After reading this article you will learn about Finance Functions of Business:- 1. Meaning of Finance Function 2. Objectives of Finance Function.
Meaning of Finance Function:
“Finance is that administrative area or set of administrative functions in an organisation which relate with the arrangement of cash and credit, so that the organisation may have the means to carry out its objectives as satisfactorily as possible.”
It has been said that a businessman takes money to make money. This is not true. The statement needs correction. If you have money, and you manage it properly, you will make more money. This means management of finance is necessary for all.
Objectives of Finance Function:
Funds are obtained for investment in business. These funds must be duly protected and conserved. We must make maximum use of these funds. There are twin objectives, namely, profitability and liquidity of funds.

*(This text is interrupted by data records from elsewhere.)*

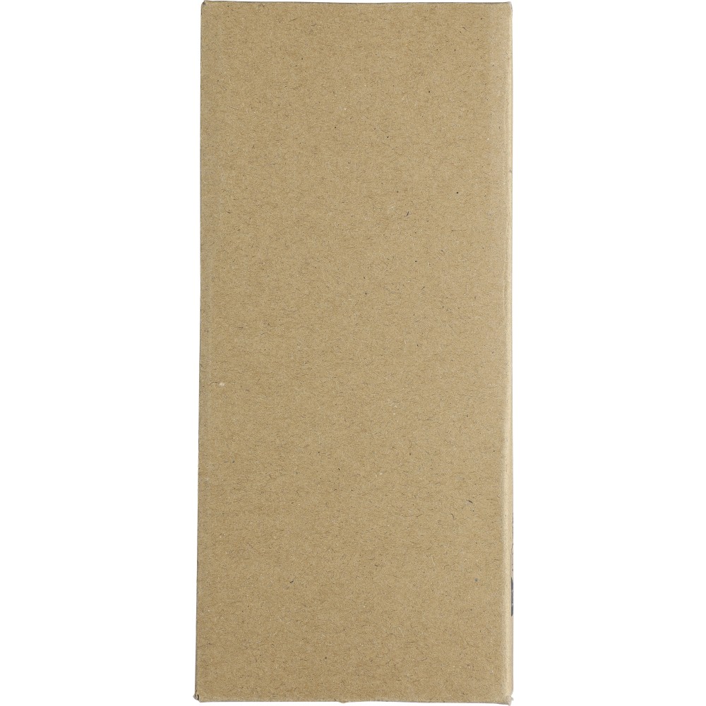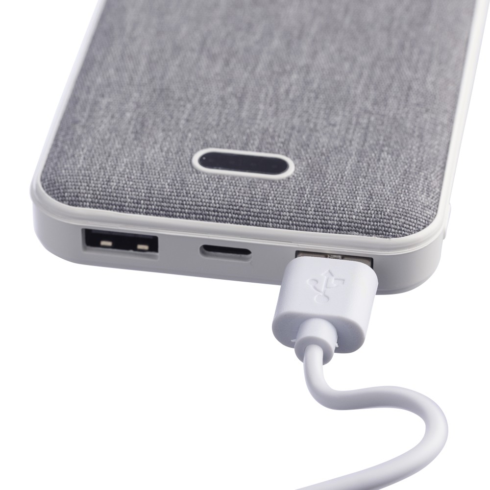 Újrahasznosított ABS és rPET anyagból készült powerbank 10.000 mAh kapacitással, dual USB és USB-C porttal (5V/2.4A), töltéskijelzővel, tetején rPET logóval. 30 cm-es kábel tartozik hozzá. Csomagolása kraftpapír doboz. Emblémázás: Tamponnyomás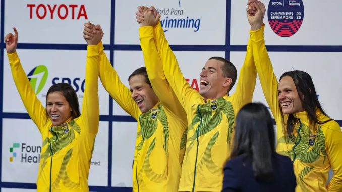 O Brasil encerrou a quarta, 24, com uma campanha histórica no Mundial de Natação Paralímpica, em Singapura. A delegação conquistou seis medalhas, incluindo dois ouros, três pratas e um bronze, além de quebrar um recorde mundial no revezamento misto.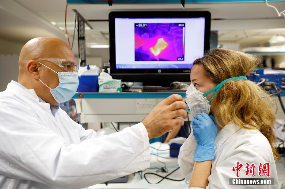 近日,以色列海法,研究小组人员在实验室演示他们发明的一种可重复使用,并自行消毒的口罩。

These are conflicting and finance executives must secure the balance and optimize the utilisation of funds.
The major objectives of finance function or financial management are:
1. Procurement of money needed by business;
2. Keeping and increasing the invested money through sound financial policies and programme; and
3. Generating income or profit for the business.

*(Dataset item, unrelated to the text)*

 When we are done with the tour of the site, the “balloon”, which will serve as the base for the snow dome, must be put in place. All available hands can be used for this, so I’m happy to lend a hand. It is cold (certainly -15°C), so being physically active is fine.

Business finance usually involves the following vital functions:
1. Financial planning, forecasting of cash receipts and disbursements — cash flow statement;
2. Raising of funds, either equity capital or fixed interest capital which includes both preference share capital and loan capital (securing of funds);
3. Use and allocation of funds (administration of funds); and
4. Financial controls (budgets and other controls).

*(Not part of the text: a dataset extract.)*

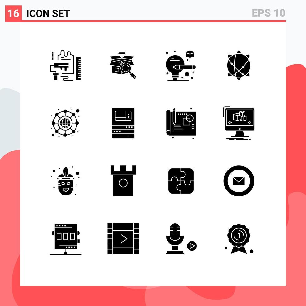 Universal Icon Symbols Group of 16 Modern Solid Glyphs of hierarchy world e shopping internet computing Editable Vector Design Elements Free Vector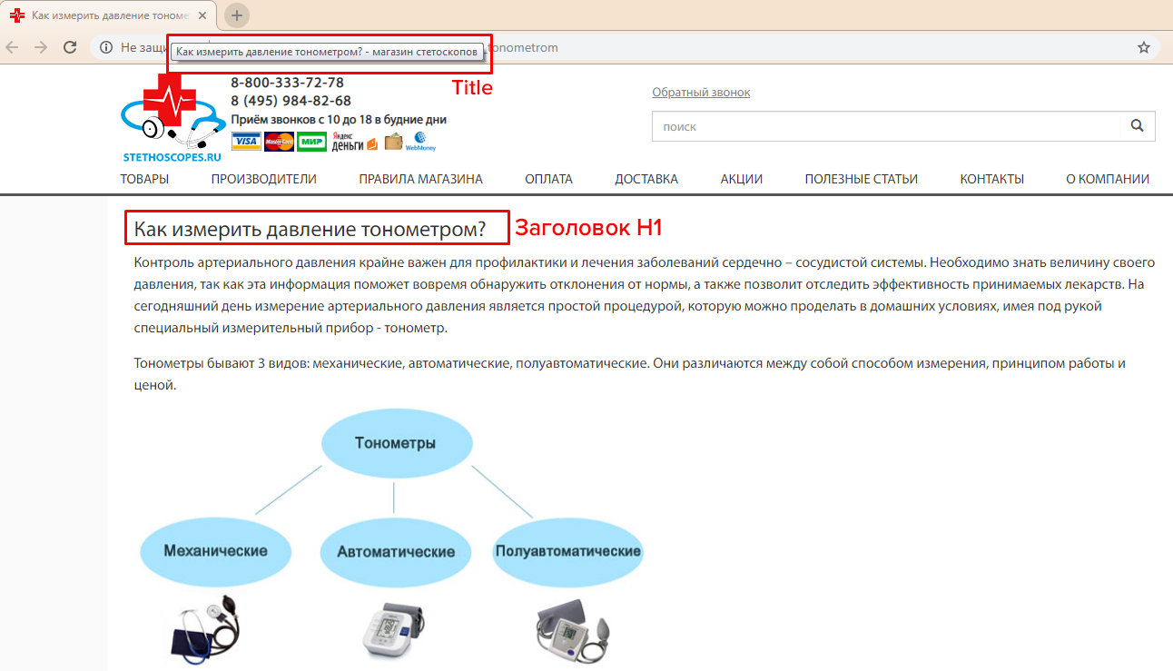Метатеги Title и H1 по своей сути являются заголовками, но имеют разное предназначение. Под заголовком Title подразумевается название всей страницы. H1 обобщает только ее текстовую часть. Оба заголовка положительно влияют на конверсию конкретной страницы.

Please note that wise and integrated approach in financial management alone can accomplish both productivity (maximum wealth) and satisfaction.
Comments:
1. Problems of raising capital funds and problems of managing assets are the two sides of the same coin.
2. While raising additional capital from different sources there are seven aspects demanding careful consideration:
(i) Cost of raising capital;
(ii) Compulsory periodical cash payment for the use of capital;
(iii) Period for the use of capital;
(iv) Control to be sacrificed;
(v) Restrictions on managerial freedom;
(vi) Collateral security-pledge/ mortgages; and
(vii) Convenience in securing funds.